What the exercise asks
The answer is the exact run of lines in the listing below from the line containing "about politics |" up to and including the line containing "Columnas de Opinión: Cuando", with pictures removed.

Extracted information
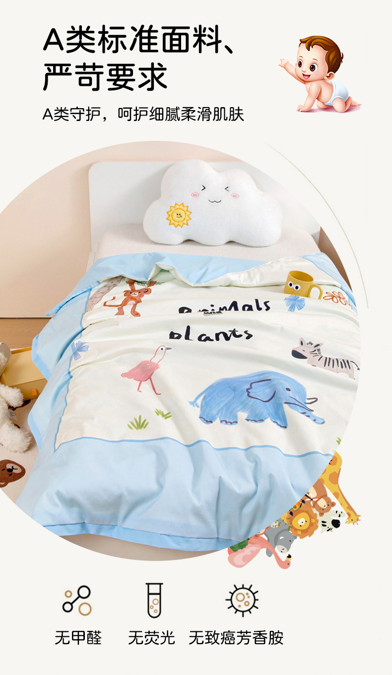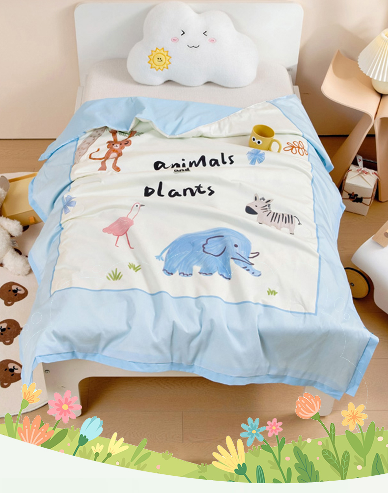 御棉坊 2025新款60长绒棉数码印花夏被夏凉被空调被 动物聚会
---
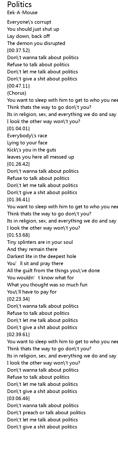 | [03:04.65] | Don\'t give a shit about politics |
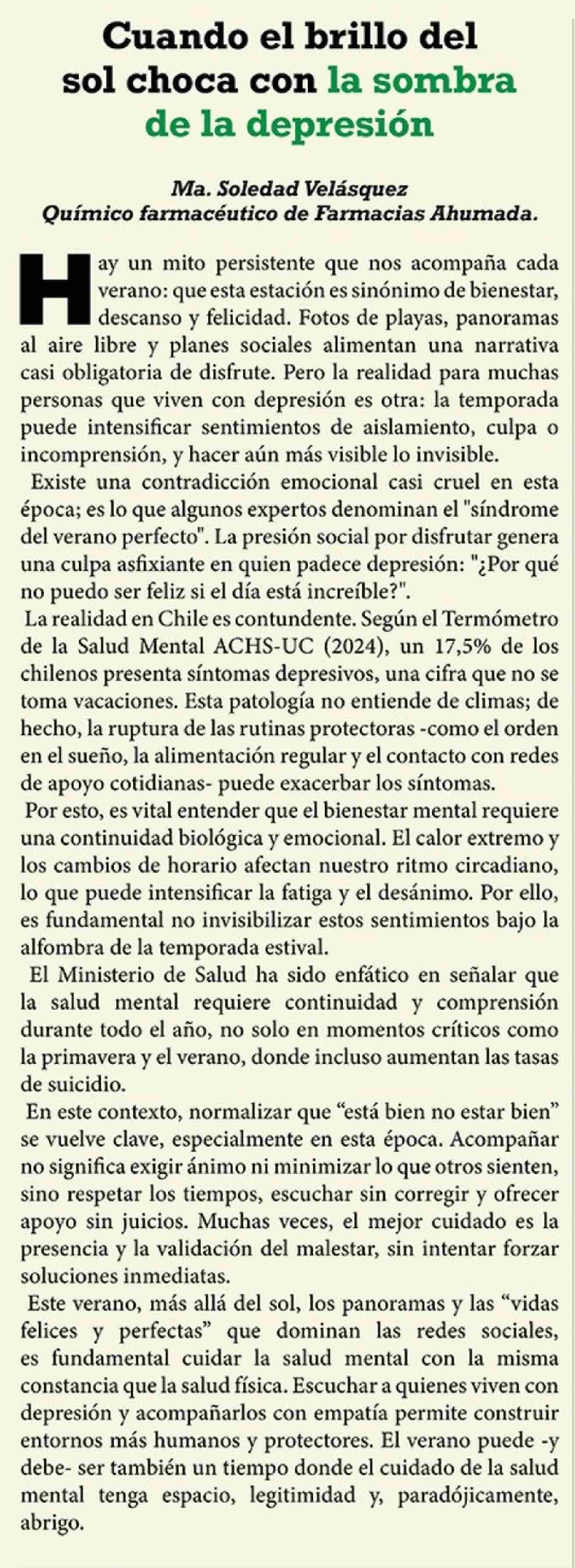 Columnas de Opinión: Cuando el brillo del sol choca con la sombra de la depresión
...
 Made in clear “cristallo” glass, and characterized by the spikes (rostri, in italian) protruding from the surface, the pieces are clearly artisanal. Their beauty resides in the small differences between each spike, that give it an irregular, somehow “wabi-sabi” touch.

Solution for this exercise
 | [03:04.65] | Don\'t give a shit about politics |
 Columnas de Opinión: Cuando el brillo del sol choca con la sombra de la depresión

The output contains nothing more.